Andrea Webster, Paul Smith and Kubra Koldemir

This article was first published at CFA Institute Enterprising Investor.

We all agree that finance has a key role to play in getting us to net zero. But we can’t ignore the elephant in the room: the inherent conflict between the “E,” the “S,” and the “G” in environmental, social, and governance (ESG) investing.

As much as we might wish otherwise, the goals embedded in these initials don’t always align with one another. That’s why a compromise must be made. Investors, asset managers, and businesses have to agree on which of the three is the most important.

So, what’s our position at SustainFinance? We believe social, the “S,” should be the highest priority. Why? Because sustainability is all about humanity.

The “S” factor is broad. It varies by country, culture, and context. Figuring out how these can be lined up within the boundaries of net-zero goals must come down to people.

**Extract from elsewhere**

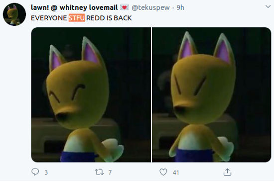 @tekuspew comentó acerca de este evento de Animal Crossing: New Horizons ‘todos los STFU de Redd están de vuelta’.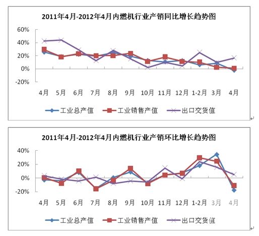 2012年1-4月,全国内燃机行业累计完成工业总产值566.75亿元,同比增长-5.26%;实现累计销售产值564.86亿元,同比增长-5.73%;1-4月行业累计产销率为99.67%。

Someone ultimately has to pay

There is a huge challenge in pushing manufacturers on tight margins to spend money cutting their greenhouse gas emissions. This has consequences elsewhere.

Let’s make this real. Providing a safe environment, a living wage and good workers’ rights costs money. Clients want this, but still want a reasonable price. The same goes for investors. They want to know their money is channeled to good companies who treat their workers well. They also want good investment returns. However, at the end of the day someone has to pay.

To reduce emissions, companies are likely to have less profits initially to pay out as dividends to shareholders. Falling dividends usually see companies’ share price fall. Both potentially hurt returns for those saving for retirement, or the ability of parents saving for their children’s education, to give two simple examples.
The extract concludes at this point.